As one of the world's top-AI companies, OpenAI does not yet have any deals with Intel. This is even though they are collaborating other major chip giants including Nvidia and AMD. The fact that the Trump administration have a vested interest in Intel brings some interesting political motivation to this. There are many potential explanations for why OpenAI and Intel aren't working together, to be fair. A reason may be a lack of funds. While OpenAI surely benefits from having an industry sponsor in a company as comprehensive as Intel, which is itself heavily involved in chip production, OpenAI may have different needs than what Intel can currently offer with traditional computer-oriented products.

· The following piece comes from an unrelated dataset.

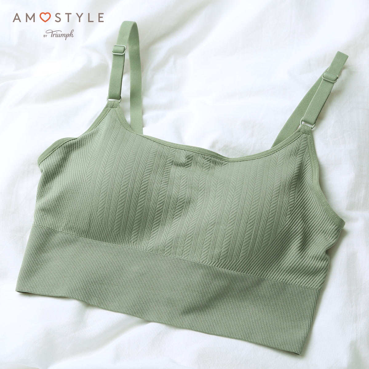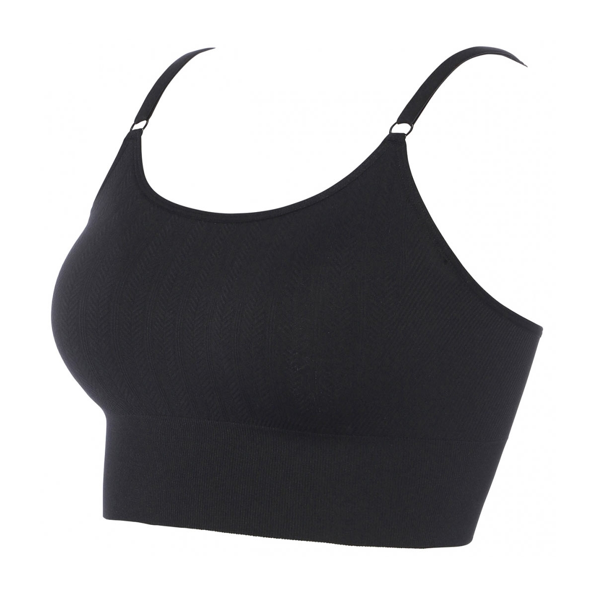 スタイリッシュなヘリンボーン柄のジャカード素材は、トレンドのシアートップスと合わせた「見せるインナー」としてもおすすめ。幅広のアンダーリブが、カジュアルで都会的な印象を与えます。

It could be due to strategic reasons, or technical ones.Actually, OpenAI hasn't committed to anything with Intel. With that out of the way, AI training and inference is done on GPUs or purpose built accelerators like what NVIDIA/AMD are offering for sale, with Intel playing in the CPU arena. If OpenAI isn't pleased with the level of performance and scalability offered by INTC's AI hardware thesis, that might help explain a lack of a tie-up. Monetarily, if OpenAI decides to favor those partners that've proven the ecosystem of their AI hardware and great support for developers it won't come cheap. While Intel has made strides into AI silicon, its efforts may not have reached the level of maturity or efficiency required for OpenAI's plans to train and deploy models on a grand scale.
Back in 2017, OpenAI actually offered Intel a $1 billion deal to take a 15% stake in the company and get Intel involved in building their own custom AI chips. At the time, Intel passed on the deal. Their leaders just didn't think AI was going to take off anytime soon, and were hesitant to produce chips at a loss or with very slim margins. As a result OpenAI was left to look elsewhere for partners such as Nvidia and AMD, who jumped in early. Fast forward to today and OpenAI is powering ahead with Broadcom to design its own processors. Their focus is very much on developing processors that can keep up with the high-performance computing requirements for AI training. Intel, on the other hand, is shifting its attention towards utilising AI in inference and expanding its foundry business. But the problem is, the trust and momentum that would be required to seal the deal just isn't there. Even with government backing, so far the timing and technology alignment just hasn't been right to make a partnership work. It's not so much about the politics going on here, but rather a combination of the chances which were missed and differing priorities.